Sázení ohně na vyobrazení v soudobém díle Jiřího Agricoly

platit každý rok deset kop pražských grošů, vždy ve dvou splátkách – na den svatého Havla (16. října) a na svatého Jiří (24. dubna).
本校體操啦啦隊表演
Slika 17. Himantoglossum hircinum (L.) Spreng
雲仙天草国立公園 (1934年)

* * *

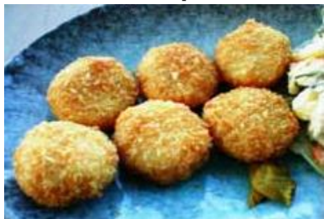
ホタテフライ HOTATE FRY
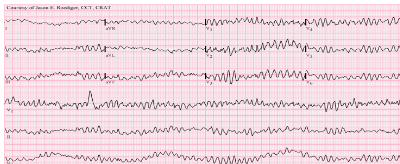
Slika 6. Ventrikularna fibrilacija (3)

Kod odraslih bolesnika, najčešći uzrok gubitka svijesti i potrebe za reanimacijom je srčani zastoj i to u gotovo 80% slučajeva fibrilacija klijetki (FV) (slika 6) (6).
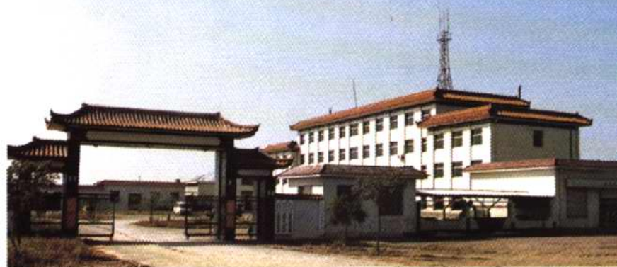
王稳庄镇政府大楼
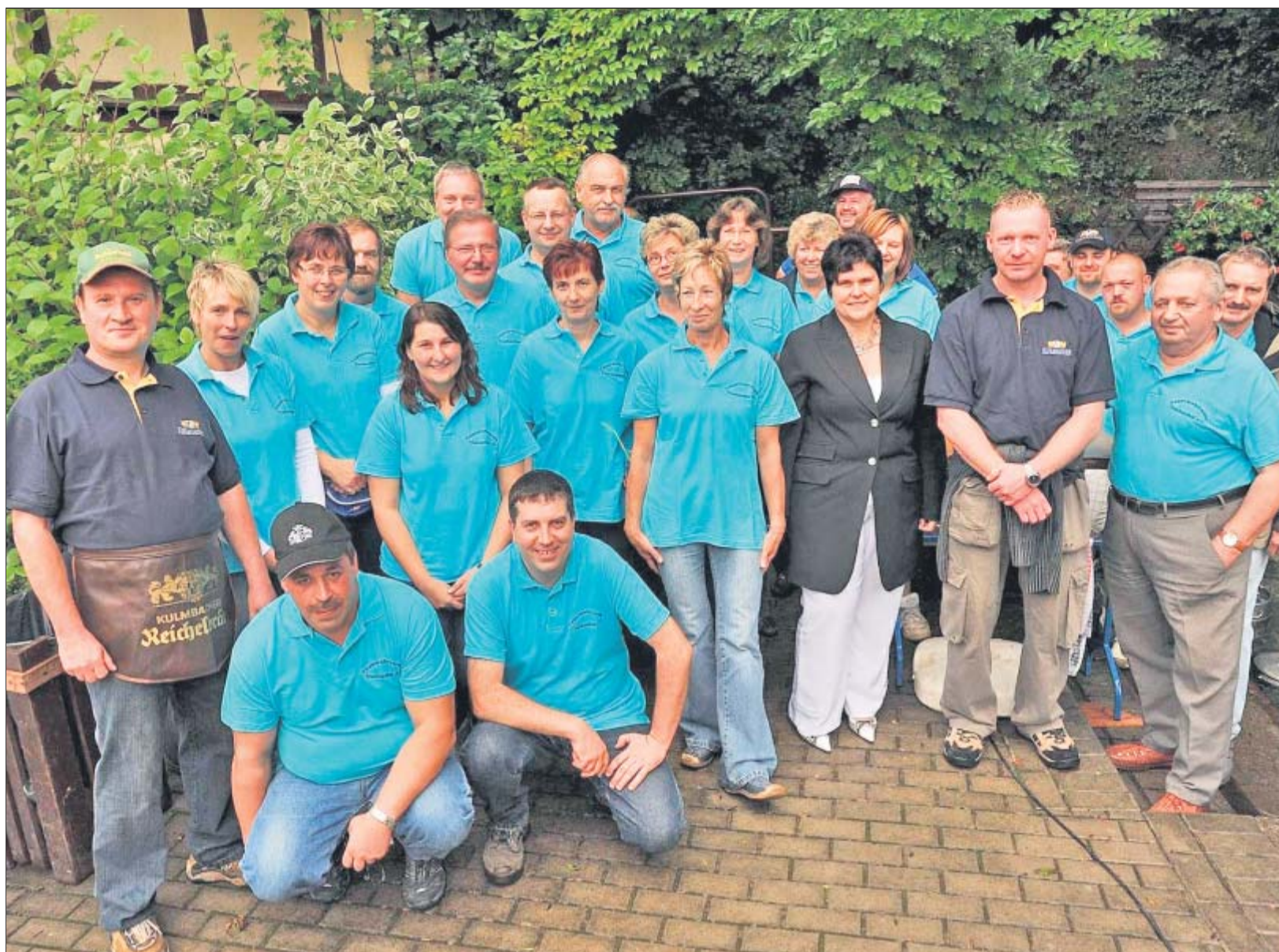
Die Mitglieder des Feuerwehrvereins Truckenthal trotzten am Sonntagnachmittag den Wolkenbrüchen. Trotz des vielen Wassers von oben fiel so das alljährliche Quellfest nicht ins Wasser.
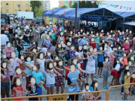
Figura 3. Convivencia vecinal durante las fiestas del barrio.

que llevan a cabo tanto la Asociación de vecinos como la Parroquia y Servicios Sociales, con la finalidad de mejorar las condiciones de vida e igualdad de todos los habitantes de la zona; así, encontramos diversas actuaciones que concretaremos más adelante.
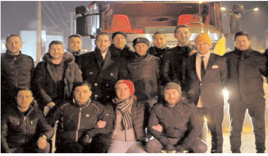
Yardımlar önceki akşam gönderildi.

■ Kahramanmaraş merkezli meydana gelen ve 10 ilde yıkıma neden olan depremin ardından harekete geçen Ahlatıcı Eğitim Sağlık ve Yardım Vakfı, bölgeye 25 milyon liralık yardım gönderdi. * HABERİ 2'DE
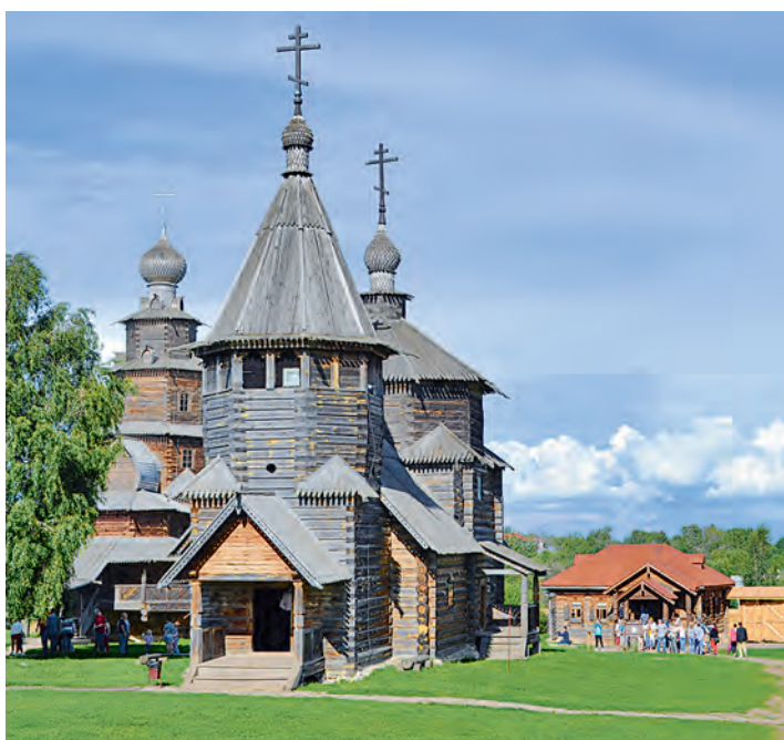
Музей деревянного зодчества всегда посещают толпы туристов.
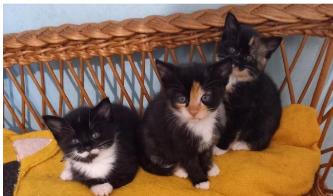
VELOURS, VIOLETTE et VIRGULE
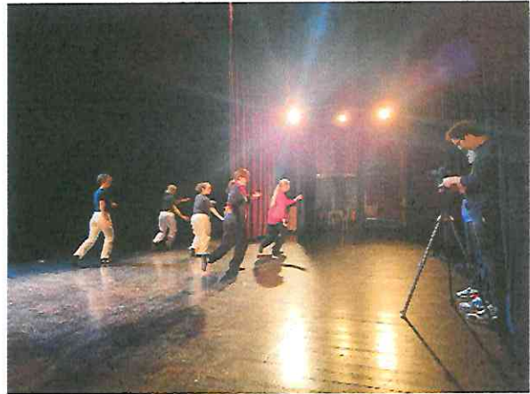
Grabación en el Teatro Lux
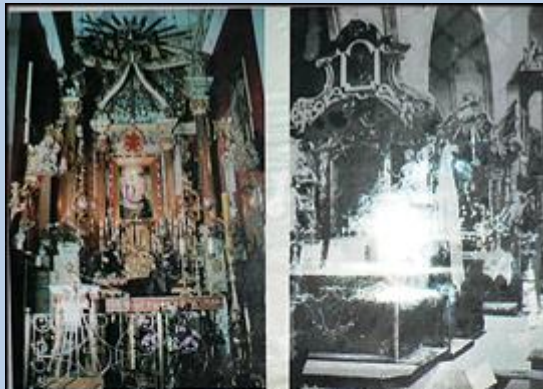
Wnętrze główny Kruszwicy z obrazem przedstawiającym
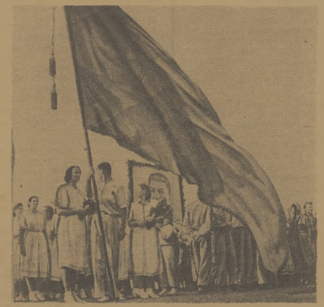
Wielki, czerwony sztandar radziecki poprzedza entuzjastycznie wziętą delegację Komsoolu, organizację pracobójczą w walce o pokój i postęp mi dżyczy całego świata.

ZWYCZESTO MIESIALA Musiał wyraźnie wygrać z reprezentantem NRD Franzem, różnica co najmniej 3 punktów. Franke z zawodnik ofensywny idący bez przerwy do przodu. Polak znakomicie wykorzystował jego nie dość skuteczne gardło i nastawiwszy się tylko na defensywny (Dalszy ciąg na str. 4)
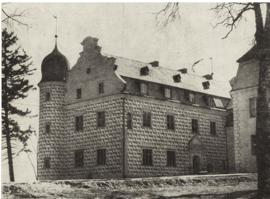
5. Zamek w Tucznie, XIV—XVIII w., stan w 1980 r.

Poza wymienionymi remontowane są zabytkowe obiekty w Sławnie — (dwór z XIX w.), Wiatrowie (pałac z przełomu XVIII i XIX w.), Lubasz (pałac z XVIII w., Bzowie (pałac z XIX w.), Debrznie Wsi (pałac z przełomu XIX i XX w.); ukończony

▶ _TASK TO COMPLETE_
Return, exactly as they stand, the lines above from the one with "VELOURS, VIOLETTE et VIRGULE" to the one with "Wielki, czerwony sztandar", omitting any pictures among them.

▶ _ANSWER TO THE EXERCISE_
VELOURS, VIOLETTE et VIRGULE
Grabación en el Teatro Lux
Wnętrze główny Kruszwicy z obrazem przedstawiającym
Wielki, czerwony sztandar radziecki poprzedza entuzjastycznie wziętą delegację Komsoolu, organizację pracobójczą w walce o pokój i postęp mi dżyczy całego świata.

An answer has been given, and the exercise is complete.